Les formalités administratives et le dépôt au guichet unique
Vous devez publier un avis de modification dans un Journal d’Annonces Légales (JAL) du département du siège social pour informer les tiers. Le dossier complet, incluant le formulaire M2 et les statuts certifiés conformes, se transmet ensuite via le guichet unique de l’INPI. L’administration traite généralement la demande sous une à deux semaines pour délivrer le nouveau Kbis. Notez que cette conversion peut également affecter vos dispositifs d’attractivité salariale, notamment si vous envisagiez de mettre en place un plan BSPCE pour salariés.
Voici les documents essentiels à rassembler pour valider votre dossier :
- Le formulaire de modification M2 dûment complété.
- Le procès-verbal de la décision de transformation enregistré aux impôts.
- Un exemplaire des statuts mis à jour et certifiés conformes.
- Le rapport du commissaire à la transformation.
- L’attestation de parution de l’annonce légale.
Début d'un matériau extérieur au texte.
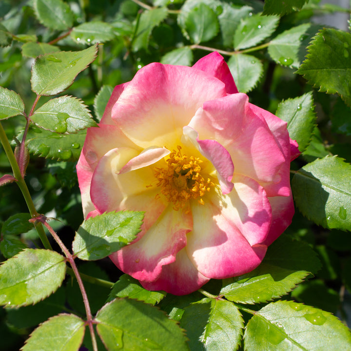 The hardy rose 'Campfire' is a very floriferous Canadian variety with two-tone creamy yellow and raspberry pink flowers, changing shades daily. It blooms continuously throughout the summer. The bush reaches approximately 90 to 120 cm, with strong dark green foliage. 'Campfire' is very hardy, easy to grow, and perfect for colorful borders.

Le budget global à prévoir pour la transformation
L’opération engendre divers frais administratifs et honoraires qu’il faut anticiper dans votre trésorerie. Le tableau ci-dessous détaille les postes de dépenses pour les années 2025-2026.
| Poste de dépense | Coût estimé |
|---|---|
| Frais de greffe et BODACC | Environ 200 € |
| Annonce légale | Entre 197 € et 227 € |
| Enregistrement au SIE | 125 € |
| Commissaire à la transformation | 1 000 € à 2 000 € |
| Accompagnement juridique (facultatif) | 500 € à 1 500 € |
| Total estimé | Entre 2 000 € et 4 000 € |
Les impacts post-transformation et les précautions essentielles

Les conséquences fiscales et sociales immédiates
La société bascule par défaut à l’Impôt sur les Sociétés (IS), ce qui est souvent avantageux si vos bénéfices sont élevés. Une option pour l’Impôt sur le Revenu reste possible, mais elle est limitée à une durée de cinq exercices. Sur le plan social, le conjoint collaborateur perd son statut et doit devenir soit salarié, soit associé, ce qui modifie l’équilibre de la protection sociale familiale.
Les nouvelles obligations comptables et juridiques de la SASU
La gestion quotidienne se complexifie légèrement avec l’obligation d’établir des fiches de paie pour chaque versement de rémunération au président. Sur le plan juridique, le formalisme du procès-verbal doit être scrupuleusement respecté pour consigner les décisions de l’associé unique dans le registre prévu à cet effet.
Les erreurs à éviter pour prévenir un redressement URSSAF
L’administration surveille de près les transformations suivies d’une distribution massive de dividendes, qualifiant parfois la manœuvre d’abus de droit si le but est exclusivement d’éluder les cotisations sociales. Il est prudent d’attendre un délai raisonnable, souvent de 6 à 12 mois, avant de procéder aux premiers versements de dividendes sous le nouveau statut.
Le tableau suivant résume les différences fondamentales entre les deux statuts pour vous aider à valider votre choix.
| Critère | EURL | SASU |
|---|---|---|
| Statut social du dirigeant | TNS (Indépendant) | Assimilé Salarié |
| Charges sociales sur rémunération | ~45 % (Faibles) | ~75-80 % (Élevées) |
| Charges sur dividendes | ~45 % (Si > 10% du capital) | 17,2 % (CSG-CRDS uniquement) |
| Cession des titres | Droits d’enregistrement 3 % | Droits d’enregistrement 0,1 % |
Prenez le temps de vérifier que vous ne dépassez pas les seuils rendant obligatoire la nomination d’un commissaire aux comptes dans la nouvelle structure. Une bonne transformation repose sur une anticipation rigoureuse des flux financiers futurs et une bonne compréhension des nouvelles responsabilités administratives.